目前,化学法不对称还原合成(S)-(4-氯苯基)吡啶-2-甲醇的方法主要有:以2-腈基吡啶为起始底物在4-氯苯溴化镁、浓硫酸和金属催化剂Pd(Phe3P)4等的作用下经三步合成,ee值可以达到98%,但是其中吡啶环上的N-基团需要进行保护和去保护(Corey&Helal,Tetrahedron Letters,1996,37(32):5675-5678)。近几年来使用较多的还有Noyori有机金属催化剂,如:Ru和Rh复合体等可通过直接加氢还原前手性酮底物(4-氯苯基)(2-吡啶基)甲酮为手性醇,ee值达到97-99%(Tao et al.,J.Org.Chem.,2012,77(1):612-616;Yanget al.,Org.Lett.,2015,17(17):4144-4147)。
虽然这些化学合成法可以获得高ee值的产物,但是整个过程需要用到诸如浓硫酸、H2(8-10bar)、高压和有机金属试剂等,不仅会对环境造成伤害,而且劳动保护要求较高。

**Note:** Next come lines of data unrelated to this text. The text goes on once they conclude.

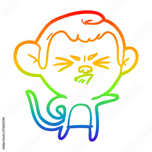 Fototapeta premium rainbow gradient line drawing cartoon annoyed monkey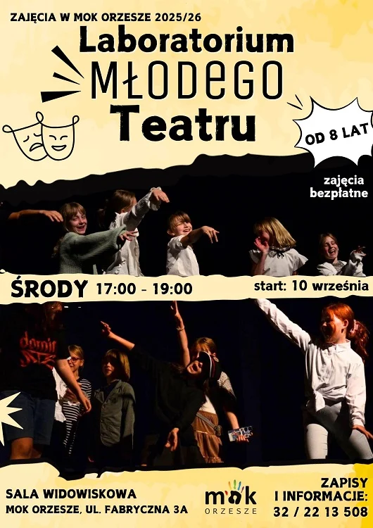 Miejski Ośrodek Kultury w Orzeszu rusza z zapisami na zajęcia stałe! Już 10 września wystartuje Laboratorium Młodego Teatru – wyjątkowa propozycja dla dzieci, które chcą rozwijać swoje umiejętności aktorskie.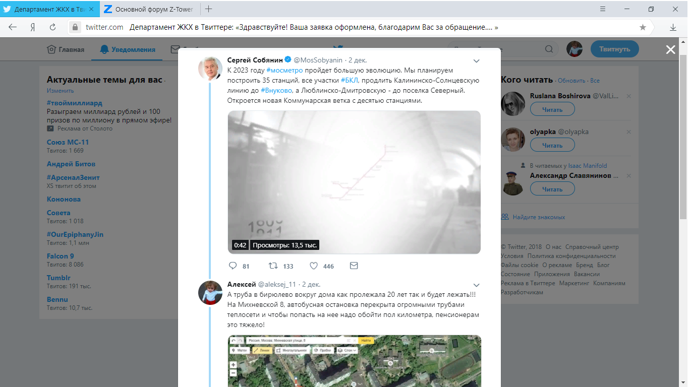 AlekseyE писал(а):Начал я тут обращаться к Сергею Семеновичу через твитер. На каждый его пост о благоустройстве города отвечал про нашу трубу и кажется заметили, мало надежд конечно, но все же.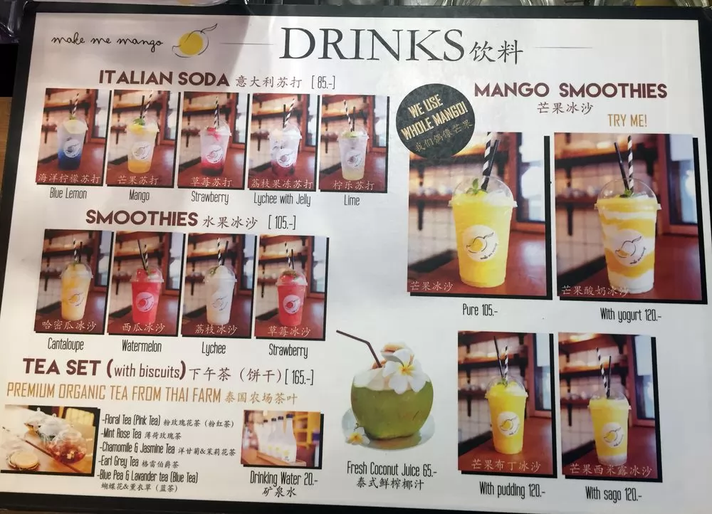 還有販賣飲料、甜點等,如清涼的芒果冰沙(105銖),香氣四溢且帶有果肉豐富口感;獨家的芒果咖啡,入口後嘴中慢慢散發芒果清香;有果肉的芒果冰淇淋,風味濃郁香甜且滑順;限外帶的鮮芒果肉冰棒,冰鎮芒果肉口感。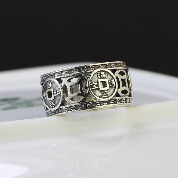 Nhẫn bạc nam kim tiền xi thái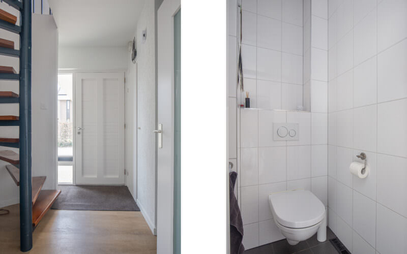De tweede verdieping betreft een volwaardige leefruimte en heeft naast de overloop een tweetal goed bemeten slaapkamers met voldoende bergruimte achter de knieschotten.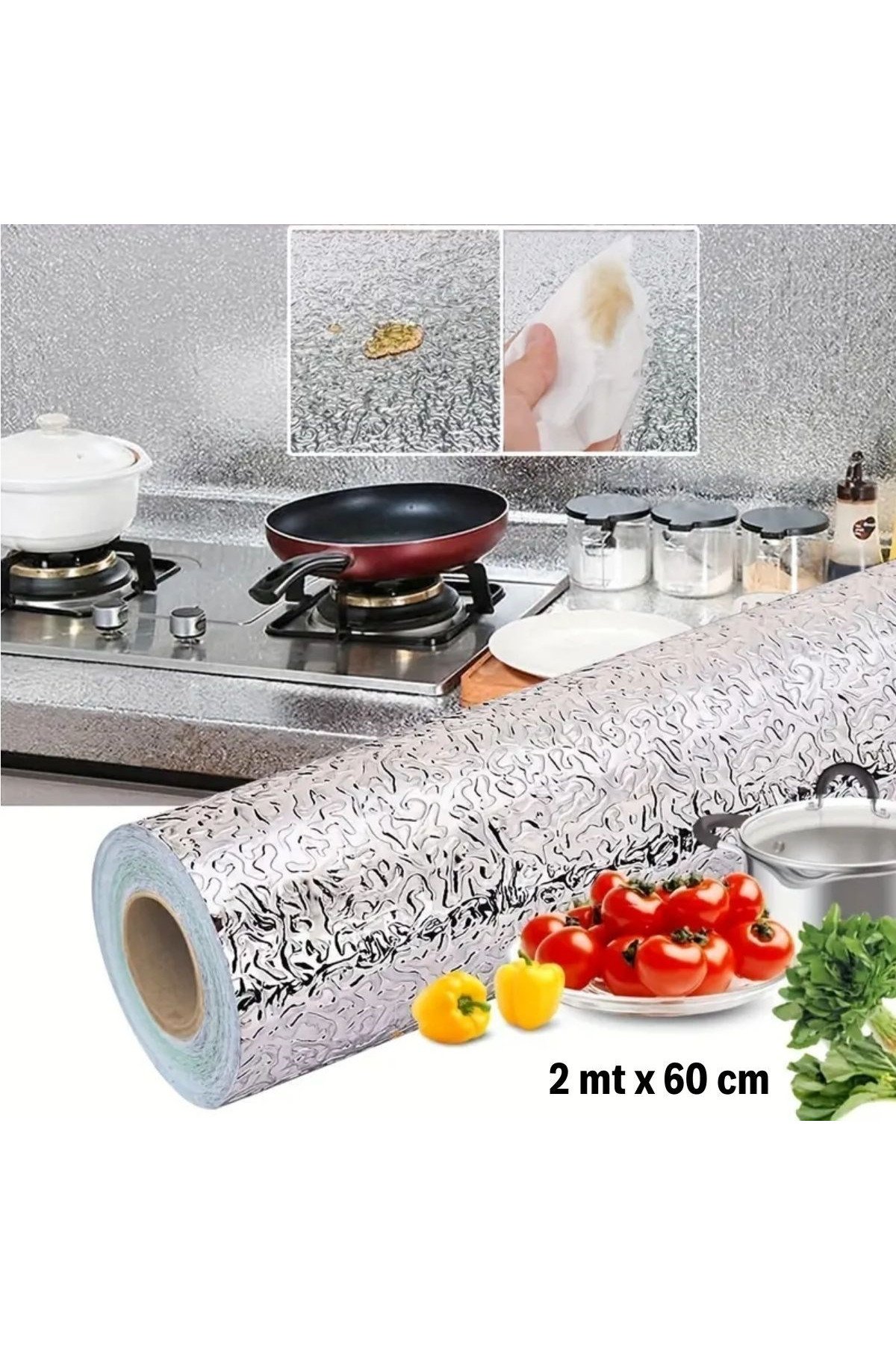 - 1 adet 2 metre x 60 cm Gümüş Alüminyum Folyo Duvar Kağıdı

生物法不对称还原合成(S)-(4-氯苯基)吡啶-2-甲醇的方法主要有:利用藻酸钙固定化面包酵母通过不对称还原(4-氯苯基)吡啶-2-甲酮合成相应的产物,或者通过选择性水解(4-氯苯基)吡啶-2-甲醇醋酸酯获得手性产物(Takemoto&Achiwa,Chem.Pharm.Bull.,1994,42(4):802-805;Takemoto et al.,Phytochemistry,1996,42(2):423-426),但是(S)-(4-氯苯基)吡啶-2-甲醇产物的ee值只有28%。同时该作者也报道了利用固定化植物细胞催化前手性酮(4-氯苯基0吡啶-2-甲酮合成(S)-(4-氯苯基)吡啶-2-甲醇的研究,ee值最高达到48%(Takemoto et al.,Phytochemistry,1996,42(2):423-426;Takemoto et al.,Chem.Pharm.Bull.,1998,46(3):419-422)。但这些全细胞转化方法效率较低,而且都没有相关酶的氨基酸序列的报道。2007年Truppo等报道了采用商业化的羰基还原酶(ketoreductase,KRED)不对称还原前手性酮合成(S)-(4-氯苯基)吡啶-2-甲醇的研究,但是ee值只有60%,酶蛋白序列未知,物种来源也未见报道(Truppo et al.,Org.Lett.,2007,9(2):335-338)。Li等2009年报道了利用赭色掷孢酵母(Sporobolomycessalmonicolor)来源的羰基还原酶SSCR进行不同类型的二芳基类酮底物不对称还原反应的研究,但是尚未测试对(4-氯苯基)吡啶-2-甲酮的活性(Li et al.,Adv.Synth.Catal.,2009,351(4):583-588)。倪晔等2012年通过传统富集培养筛选到一株克鲁维酵母(Kluyveromyces sp.CCTCCM2011385),该酵母可催化(4-氯苯基)吡啶-2-甲酮生成(S)-(4-氯苯基)吡啶-2-甲醇(86.7%ee)(CN102559520A)。然而野生菌中活性酶的含量低,最高仅能催化2g/L底物,产物浓度也较低,且分离成本高,因而不能满足实际应用。李哲等于2013年研究了一种来源于毕赤酵母GS115的羰基还原酶PasCR,该酶可不对称还原催化双芳基甲酮类化合物,转化率最高只有50%(李哲等,生物工程学报,2013,29:68-77)。周婕妤等2016年对来源于克鲁维酵母的醇脱氢酶(命名为KpADH)进行了分离纯化,并通过蛋白质工程改造筛选得到KpADH突变体M131F、S196Y和S237A,野生型醇脱氢酶KpADH和三个突变体均可催化(4-氯苯基)吡啶-2-甲酮生成(R)-(4-氯苯基)吡啶-2-甲醇,转化率最高可达99%,(R)-产物ee值为74.7%-96.1%(Zhou et al.,Catal.Sci.Technol.,2016,6(16):6320-6327)。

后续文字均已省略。